Вместо костюмов — пояса стыдливости шириной в почтовую марку. Ветер раздувает на головах выцветшую паклю. Выцветшие глаза, выцветшие ресницы… Сидят и молча преют…
По временам то один, то другой вскакивает, проделывает какие-то эвритмическо-шаманские пассы, — ноги циркулем, руки косыми граблями в воздухе, пальцы, как пляшущие фурии… И опять замирает. В котелке на треножнике клокочет какое-то вегетарианское варево: быть может, рагу из сосновых шишек, быть может, суп из водорослей. Ни смеха, ни улыбок, ни веселого слова. Преть надо молча, созерцательно, принципиально, и по системе.
Одна из фигур, — тощая коза, отдаленно похожая на вымоченную в уксусе старую деву, — подошла к морю. Зачерпнула ладонью воды, полила себе на затылок. Изогнула коричневую кисть вбок, повернула ее египетским жестом вокруг оси и отошла в дюны. Это она купалась. Выцветший дылдообразный блондин, весь состоящий из ключиц, лопаток и сухожилий, торжественно распростер девушку на песке, склонился над нею. Усыплять он ее будет, что ли, или скальпировать? Вытянул ей руку, промассировал мелкими щипками, потом другую руку… Потом стал перебирать ей пальцы на ногах, будто играл на арфе… И деловито отошел в сторону, как лунатик, исполнивший свой долг.

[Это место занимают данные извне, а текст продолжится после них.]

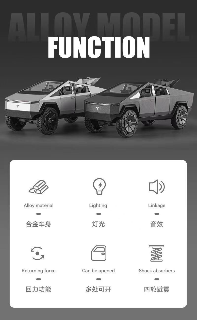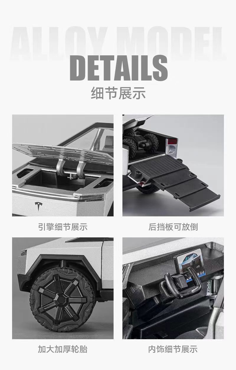 1:24特斯拉汽车模型CYBERTRUCK合金车模赛博皮卡摆件仿真玩具车
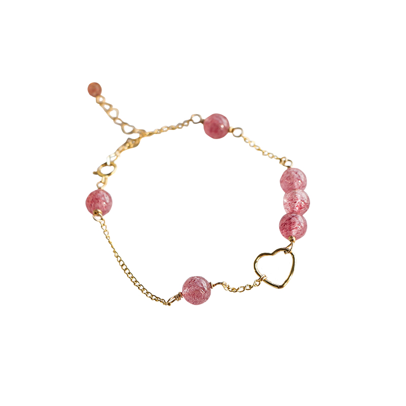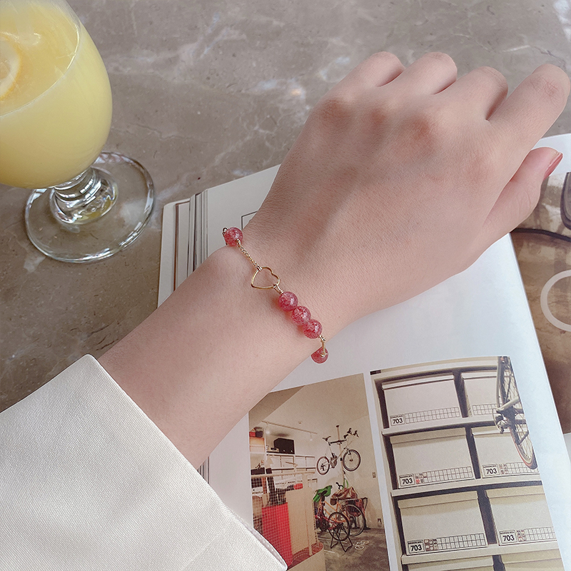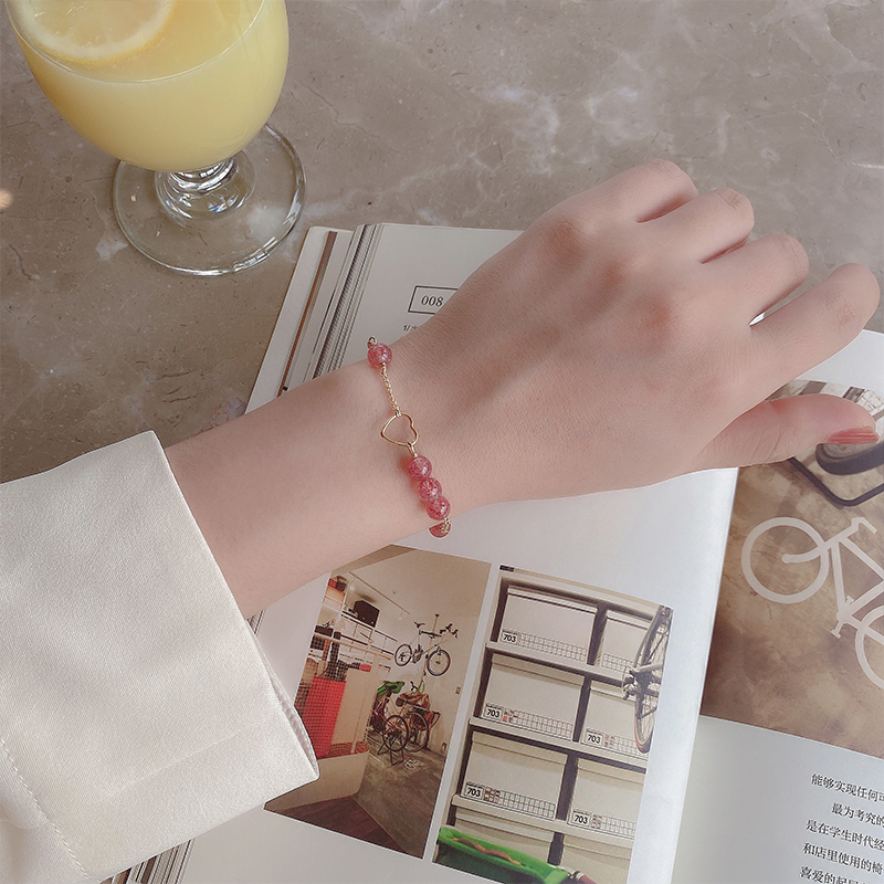 Natural crystal strawberry crystal hand female trick peach blossom transfer powder crystal jewelry ins niche design temperament light luxury
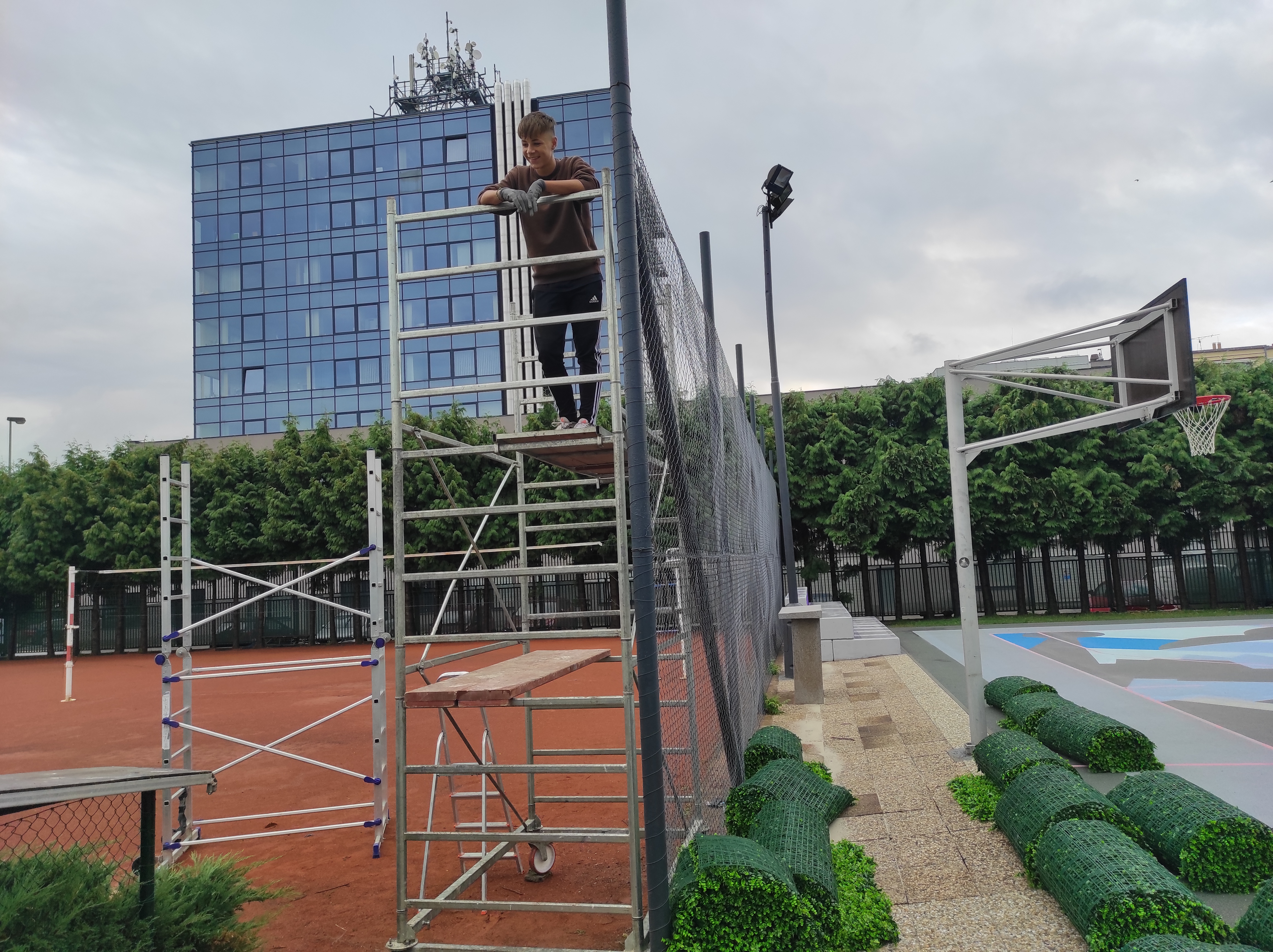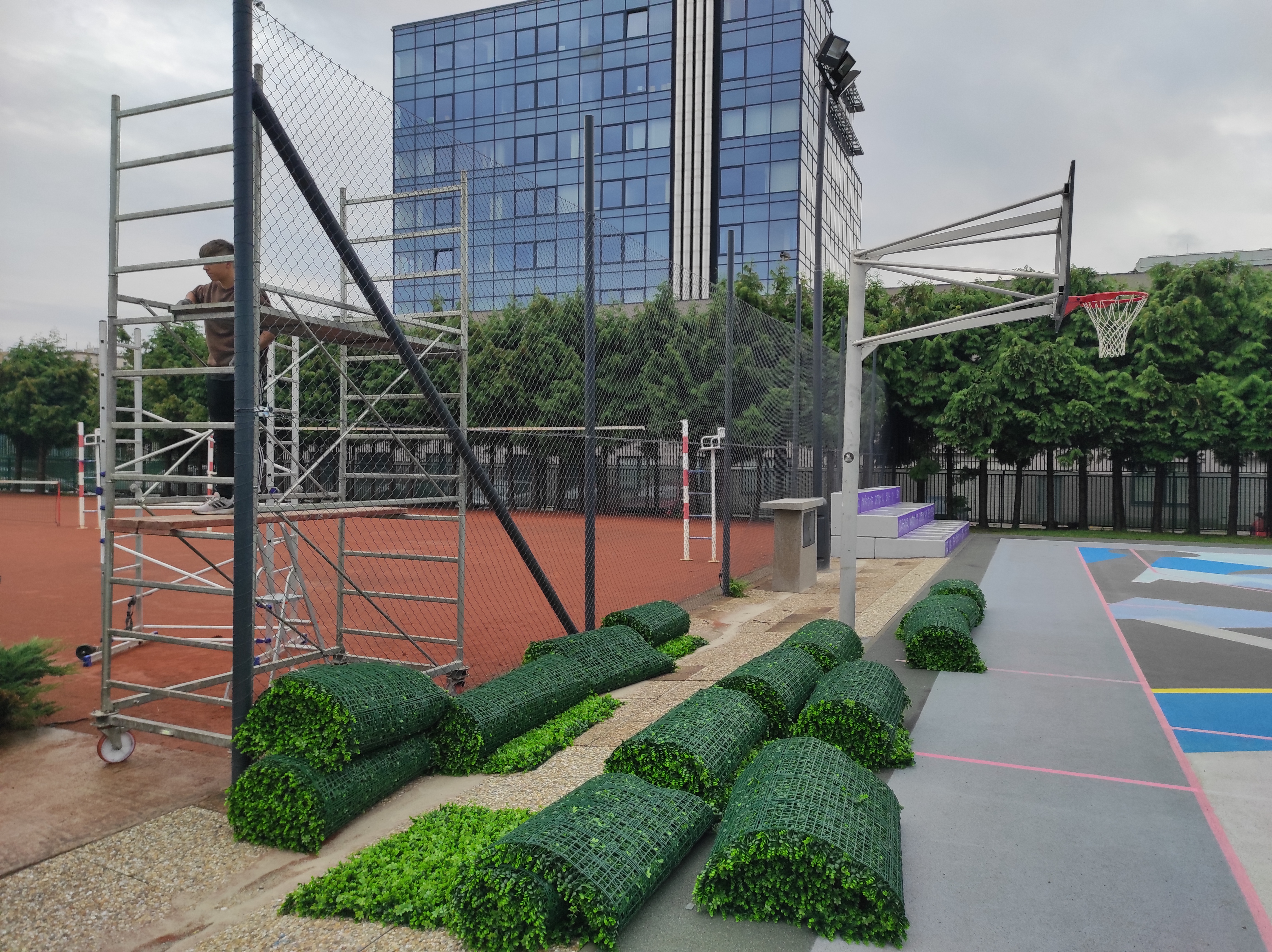 Práce nás přivedla do žižkovského areál Pražačka. Instalovali jsme tam poměrně velkou "zelenou" zástěnu mezi hřišti.
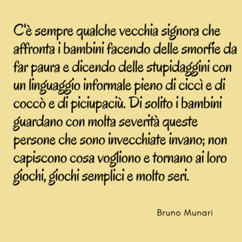 “C’è sempre qualche vecchia signora che affronta i bambini facendo delle smorfie da far paura e dicendo delle stupidaggini con un linguaggio informale pieno di ciccì e di coccò e di piciupaciù. Di solito i bambini guardano con molta severità queste persone che sono invecchiate invano; non capiscono cosa vogliono e tornano ai loro giochi, giochi semplici e molto seri“. Bruno Munari.

Над косогором вверху проходят люди — двадцатого века. Осторожно косятся сквозь сосновые лапы и с почтительным недоумением шепчут:
— Нудисты…
— Культ тела. Они переутомлены городом и возвращаются к природе…
— О, о! Скажите, пожалуйста!
Какой, однако, тусклый «культ тела»… Почему эти коричневые макароны, принципиально высушенные и пересушенные на солнце, называются «культом тела»? Почему тряпочка-перемычка, скрывающая последнюю наготу, объединяет этих скучных чудаков в какую-то нудную, скопческую секту? Что понимают в природе эти эвритмические Робинзоны, созерцающие муравьев на большом пальце собственной ноги?.. Почему нужно скопом проводить лето вместе вокруг котелка с кипящей овсянкой, — без смеха, без песен, без вина, без беспечной радости легкого бродяги на легкой земле?..
Ветер насмешливо шуршит в вереске, веселые сороки стрекочут в дремучем можжевельнике, веселое море сквозит сквозь сосны… Белобрысый дылда растягивается на песке, вбирает в себя и без того вогнутый живот и медленно, с лицом пророка Исайи, массирует его грубой шерстяной перчаткой.
Мир праху твоему, волосатый бухгалтер, несущий миру новую двухсантимную бесштанную идею!
<1931>
УЮТНОЕ СЕМЕЙСТВО
В житейской лотерейной серии «маленьких чудес» Пронину выпал счастливый номер. Приятель, взявший у него взаймы лет десять тому назад в Берлине 70 долларов, — тогда еще у Пронина кое-какие подкожные деньги водились, — прислал ему свой долг.
К деньгам этим Пронин так и отнесся, точно нашел их на улице. Не только не положил их на книжку, даже из полезных вещей ничего себе не купил, деньги легкие, надо было их легко и спустить. И мудро решил пожить месяц барин не барином, а на полной воле. Пусть, черти, в пансионе за ним поухаживают, — будет сидеть на веранде, на осенних бабочек смотреть. Одна нога на камышовом кресле, другая… Впрочем, он так и не мог себе представить, какое роскошное положение будет занимать вторая нога.
Свое маленькое малярное дело оставил в Париже на компаньона и уехал в Сен-Клер. На обыкновенной географической карте даже и точки такой не разыщешь, — кто-то из знакомых назвал.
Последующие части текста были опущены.